Information shown →
[Start of section]
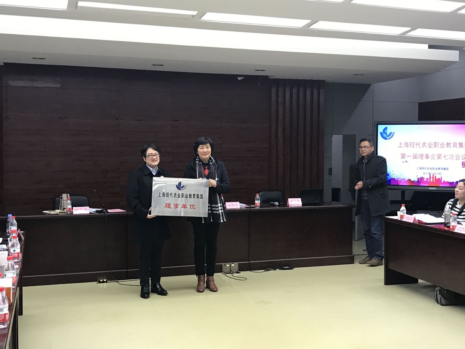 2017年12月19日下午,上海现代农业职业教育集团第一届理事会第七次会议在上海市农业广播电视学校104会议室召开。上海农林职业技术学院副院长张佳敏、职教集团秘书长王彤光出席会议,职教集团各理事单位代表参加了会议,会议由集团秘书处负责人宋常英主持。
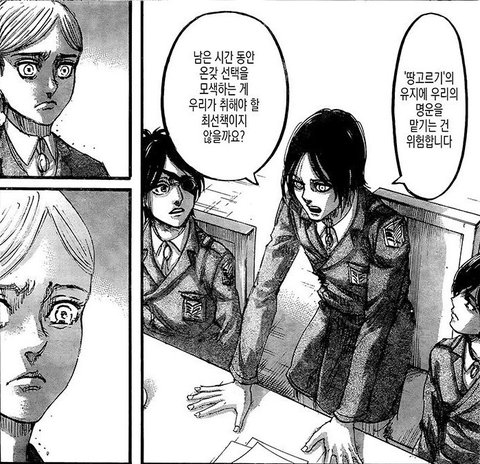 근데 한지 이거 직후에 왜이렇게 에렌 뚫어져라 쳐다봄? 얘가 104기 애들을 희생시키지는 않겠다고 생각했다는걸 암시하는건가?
[End of section]
[Start of section]
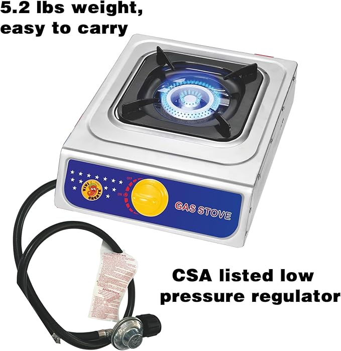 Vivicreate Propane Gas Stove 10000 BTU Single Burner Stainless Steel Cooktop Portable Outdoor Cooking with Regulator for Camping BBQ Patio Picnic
[End of section]
[Start of section]
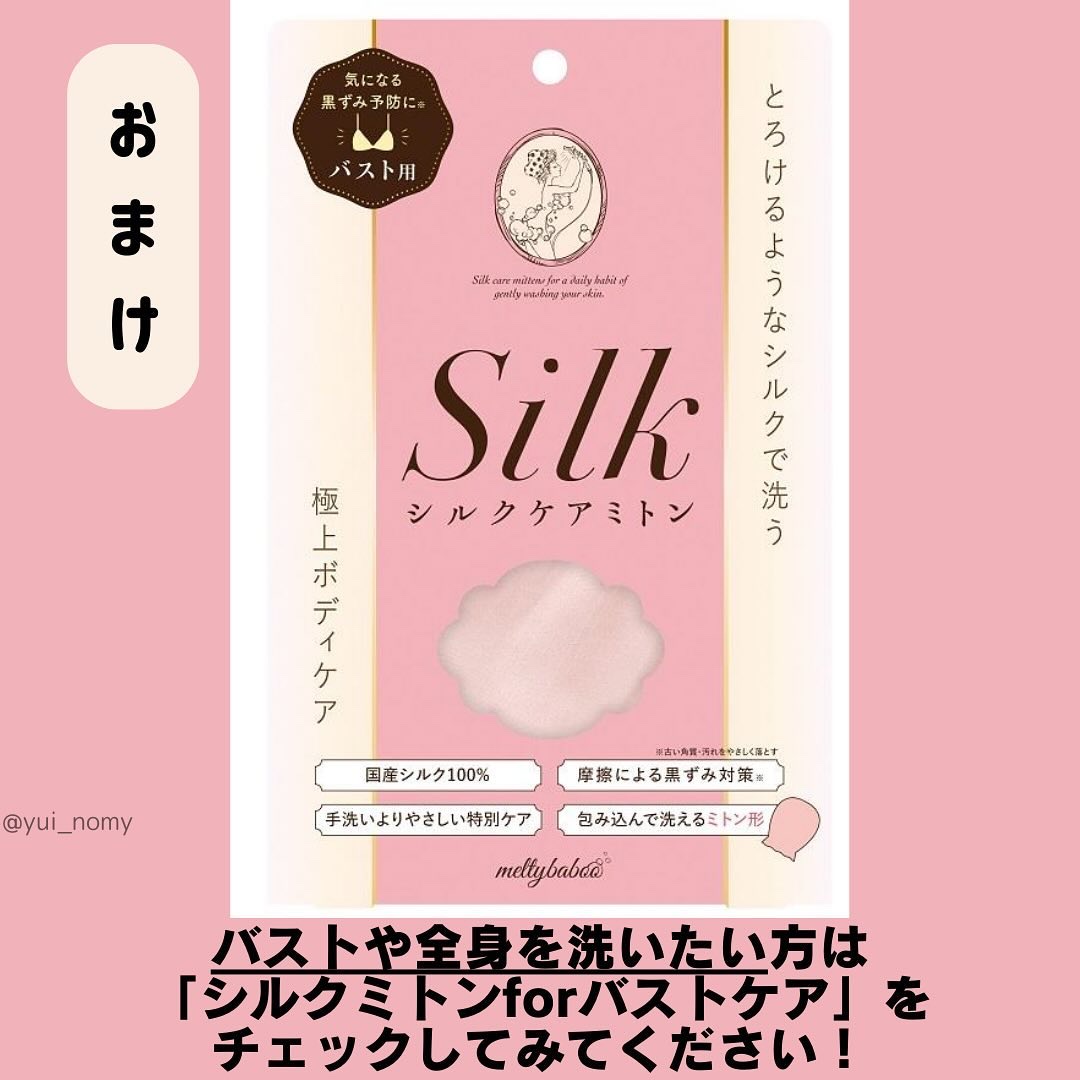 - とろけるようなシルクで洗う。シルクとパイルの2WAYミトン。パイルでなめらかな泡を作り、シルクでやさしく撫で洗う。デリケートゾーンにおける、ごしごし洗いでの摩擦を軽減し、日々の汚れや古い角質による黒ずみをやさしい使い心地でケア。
[End of section]
Required work →
Output exactly the stretch of the listing that begins at the line containing "2017年12月19日下午,上海现代农业" and ends at the line containing "근데 한지 이거 직후에", both kept. Omit pictures and everything else.

Task result →
 2017年12月19日下午,上海现代农业职业教育集团第一届理事会第七次会议在上海市农业广播电视学校104会议室召开。上海农林职业技术学院副院长张佳敏、职教集团秘书长王彤光出席会议,职教集团各理事单位代表参加了会议,会议由集团秘书处负责人宋常英主持。
 근데 한지 이거 직후에 왜이렇게 에렌 뚫어져라 쳐다봄? 얘가 104기 애들을 희생시키지는 않겠다고 생각했다는걸 암시하는건가?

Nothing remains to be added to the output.